**TASK TO COMPLETE:**
Everything below from the line with "Στο κέντρο όλων" through the line with "Сердечки декоративные, набор" should be copied exactly, and nothing else; leave out the pictures.

**MATERIALS PROVIDED:**
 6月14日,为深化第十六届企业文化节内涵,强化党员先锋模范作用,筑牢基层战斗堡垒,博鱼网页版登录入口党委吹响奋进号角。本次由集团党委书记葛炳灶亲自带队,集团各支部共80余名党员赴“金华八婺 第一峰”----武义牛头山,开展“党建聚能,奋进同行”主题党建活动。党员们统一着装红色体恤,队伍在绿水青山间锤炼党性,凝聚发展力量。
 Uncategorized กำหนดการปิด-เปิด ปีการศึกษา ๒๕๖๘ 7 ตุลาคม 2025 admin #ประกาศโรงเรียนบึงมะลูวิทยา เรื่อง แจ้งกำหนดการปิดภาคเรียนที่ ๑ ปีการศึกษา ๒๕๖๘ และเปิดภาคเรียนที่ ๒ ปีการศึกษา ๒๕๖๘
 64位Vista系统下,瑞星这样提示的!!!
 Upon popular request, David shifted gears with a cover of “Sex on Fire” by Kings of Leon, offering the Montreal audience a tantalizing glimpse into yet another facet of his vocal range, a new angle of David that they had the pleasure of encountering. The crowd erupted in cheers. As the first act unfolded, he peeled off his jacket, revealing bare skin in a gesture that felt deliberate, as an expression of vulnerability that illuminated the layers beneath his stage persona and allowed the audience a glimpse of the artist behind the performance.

---

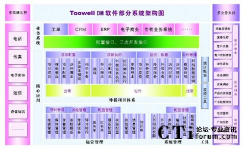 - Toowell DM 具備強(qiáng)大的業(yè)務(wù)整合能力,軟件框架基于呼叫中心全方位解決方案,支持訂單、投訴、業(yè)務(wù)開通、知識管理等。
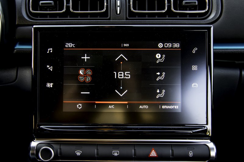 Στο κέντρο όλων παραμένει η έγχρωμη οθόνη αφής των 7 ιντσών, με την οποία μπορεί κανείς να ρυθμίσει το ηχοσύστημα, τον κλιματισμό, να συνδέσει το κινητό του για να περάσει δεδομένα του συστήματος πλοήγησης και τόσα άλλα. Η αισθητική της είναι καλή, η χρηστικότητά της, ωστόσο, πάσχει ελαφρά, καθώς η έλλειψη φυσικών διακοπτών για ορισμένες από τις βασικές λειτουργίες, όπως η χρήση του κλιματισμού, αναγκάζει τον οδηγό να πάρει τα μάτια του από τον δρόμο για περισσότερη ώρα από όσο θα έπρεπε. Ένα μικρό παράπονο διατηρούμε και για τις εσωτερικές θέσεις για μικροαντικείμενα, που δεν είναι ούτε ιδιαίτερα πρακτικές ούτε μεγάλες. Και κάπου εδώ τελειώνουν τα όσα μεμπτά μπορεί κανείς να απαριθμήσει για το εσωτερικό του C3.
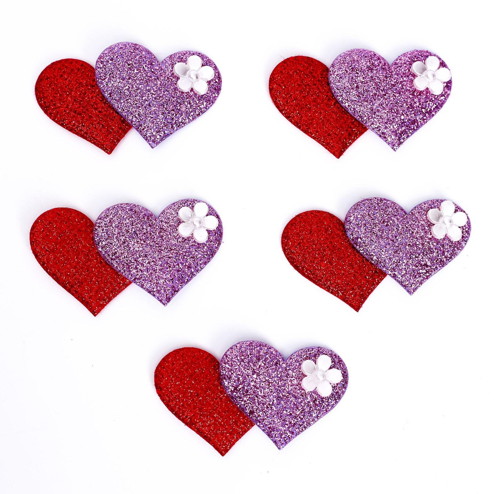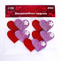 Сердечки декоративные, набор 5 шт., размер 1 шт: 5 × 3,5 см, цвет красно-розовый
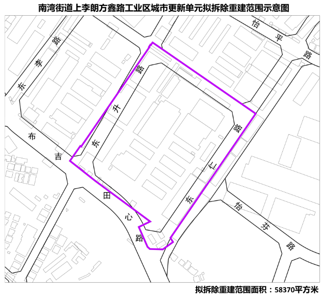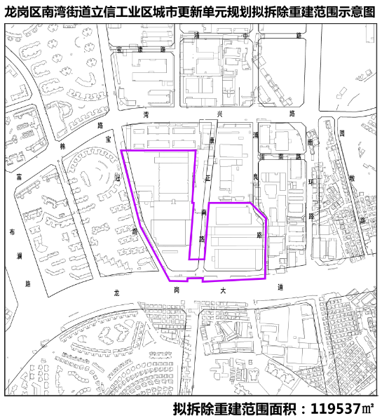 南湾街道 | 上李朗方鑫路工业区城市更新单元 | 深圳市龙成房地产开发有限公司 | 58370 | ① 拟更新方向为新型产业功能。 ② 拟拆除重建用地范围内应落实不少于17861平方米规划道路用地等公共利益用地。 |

* * *

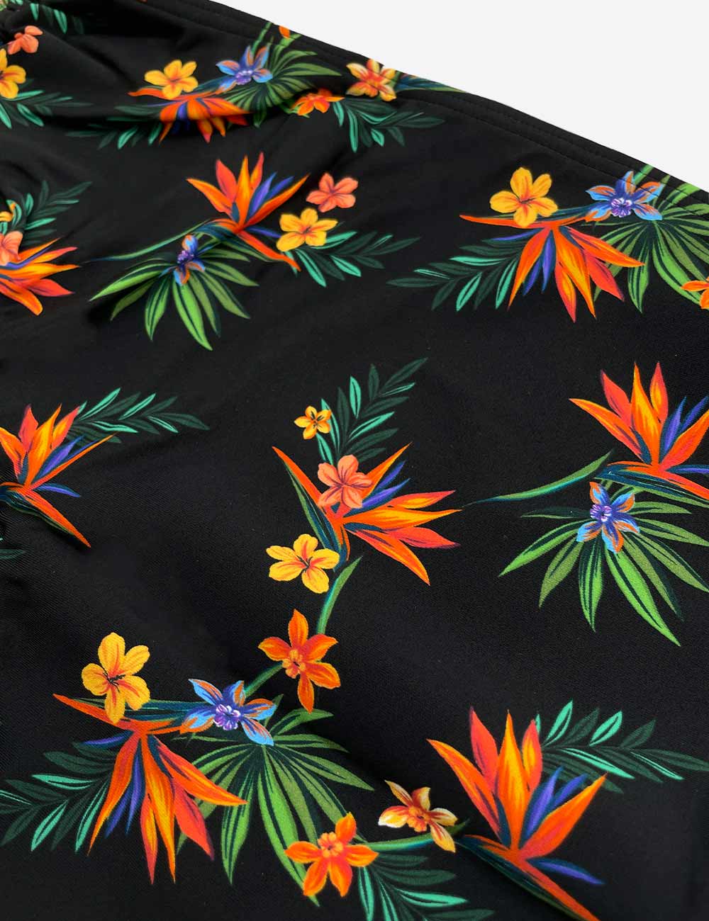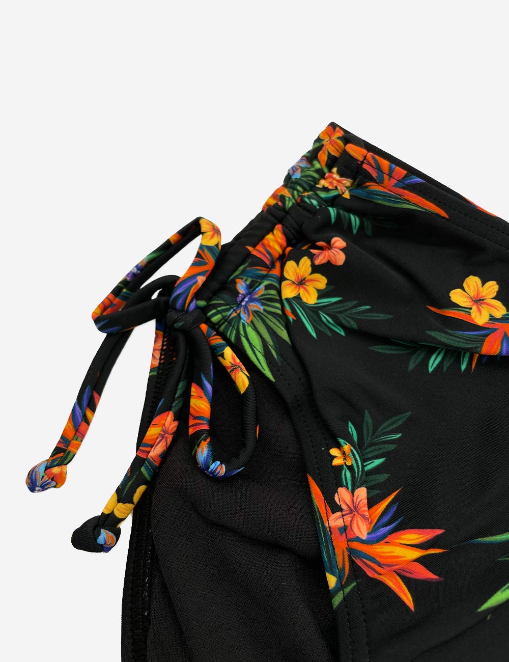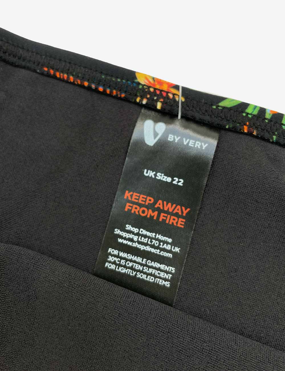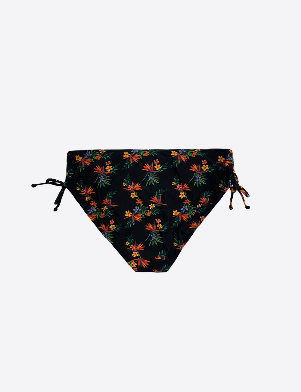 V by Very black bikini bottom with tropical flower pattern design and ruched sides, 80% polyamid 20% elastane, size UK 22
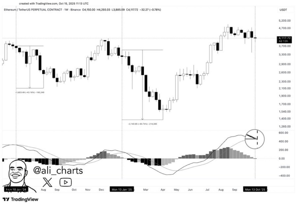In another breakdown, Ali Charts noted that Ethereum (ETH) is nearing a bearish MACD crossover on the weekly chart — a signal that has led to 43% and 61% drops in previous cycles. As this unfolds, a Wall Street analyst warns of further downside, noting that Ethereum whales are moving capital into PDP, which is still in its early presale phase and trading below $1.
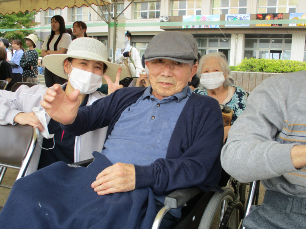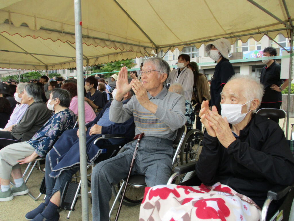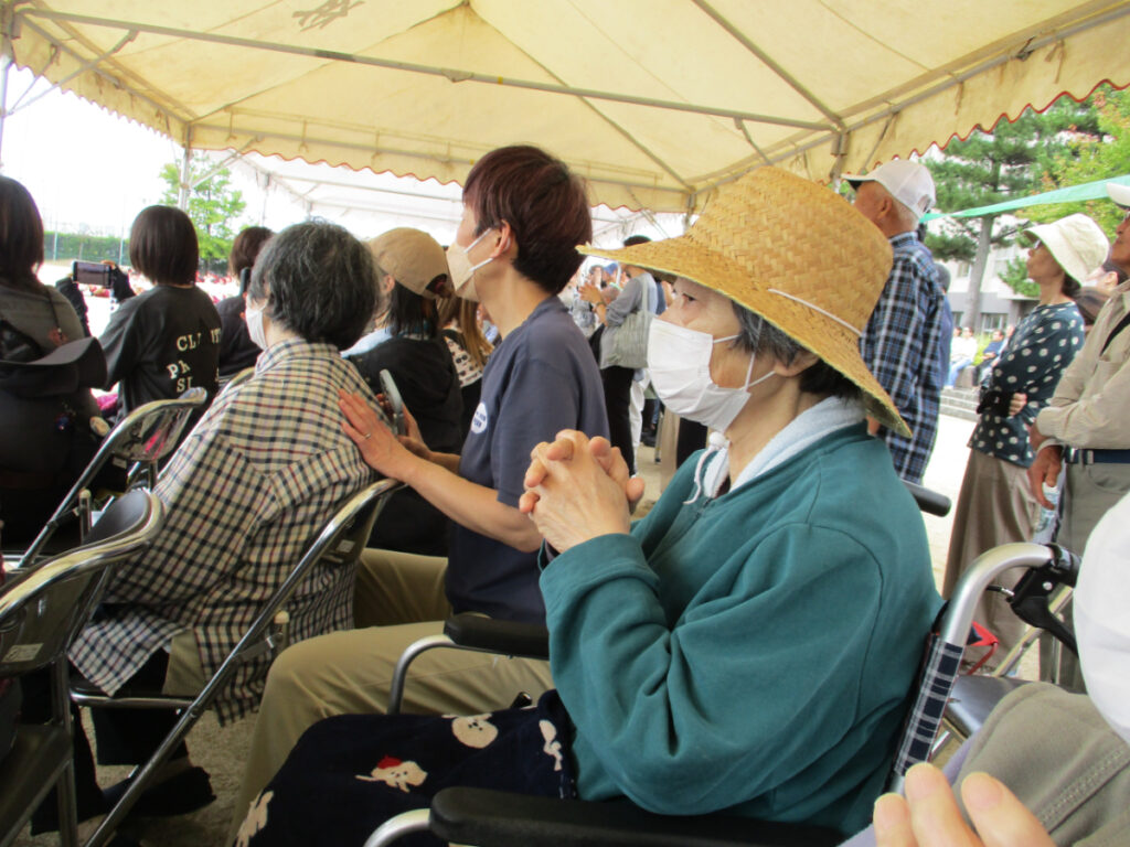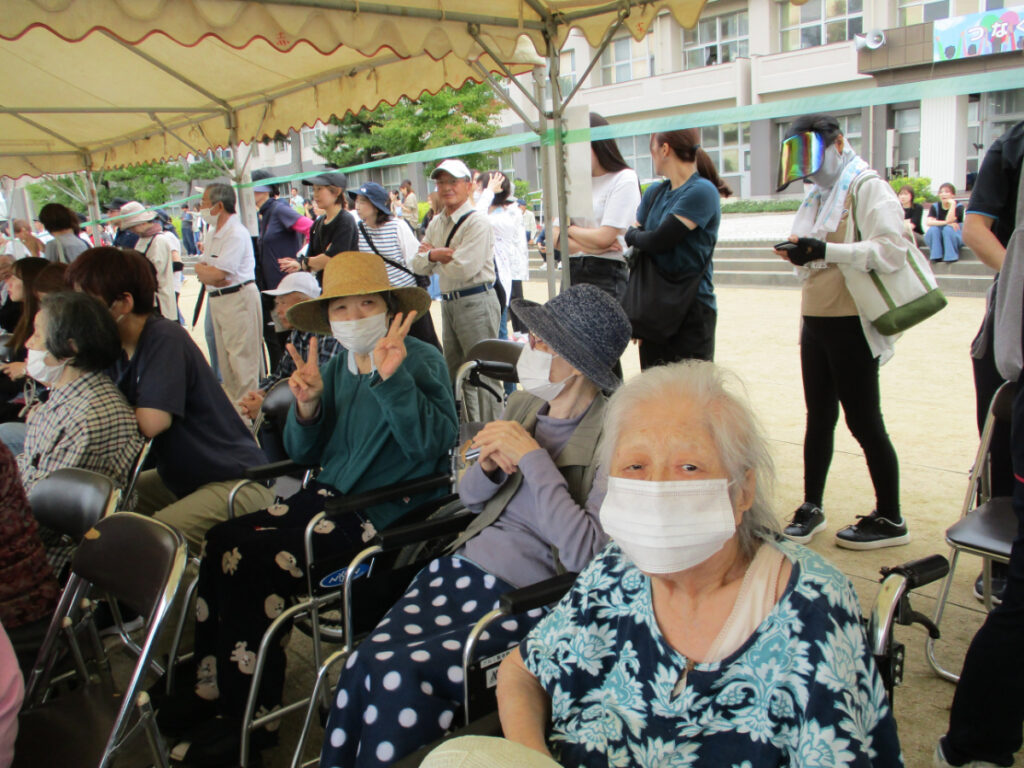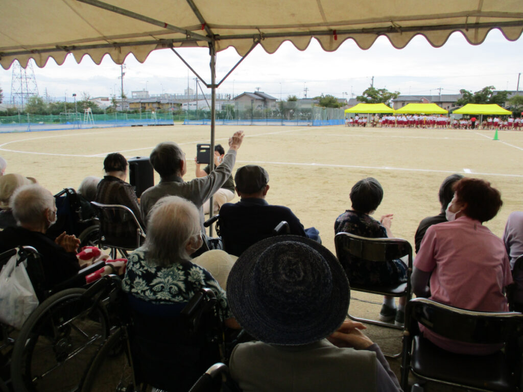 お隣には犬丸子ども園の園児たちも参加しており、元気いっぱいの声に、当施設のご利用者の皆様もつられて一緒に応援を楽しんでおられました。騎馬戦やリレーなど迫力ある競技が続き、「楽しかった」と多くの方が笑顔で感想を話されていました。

**ANSWER:**
 Στο κέντρο όλων παραμένει η έγχρωμη οθόνη αφής των 7 ιντσών, με την οποία μπορεί κανείς να ρυθμίσει το ηχοσύστημα, τον κλιματισμό, να συνδέσει το κινητό του για να περάσει δεδομένα του συστήματος πλοήγησης και τόσα άλλα. Η αισθητική της είναι καλή, η χρηστικότητά της, ωστόσο, πάσχει ελαφρά, καθώς η έλλειψη φυσικών διακοπτών για ορισμένες από τις βασικές λειτουργίες, όπως η χρήση του κλιματισμού, αναγκάζει τον οδηγό να πάρει τα μάτια του από τον δρόμο για περισσότερη ώρα από όσο θα έπρεπε. Ένα μικρό παράπονο διατηρούμε και για τις εσωτερικές θέσεις για μικροαντικείμενα, που δεν είναι ούτε ιδιαίτερα πρακτικές ούτε μεγάλες. Και κάπου εδώ τελειώνουν τα όσα μεμπτά μπορεί κανείς να απαριθμήσει για το εσωτερικό του C3.
 Сердечки декоративные, набор 5 шт., размер 1 шт: 5 × 3,5 см, цвет красно-розовый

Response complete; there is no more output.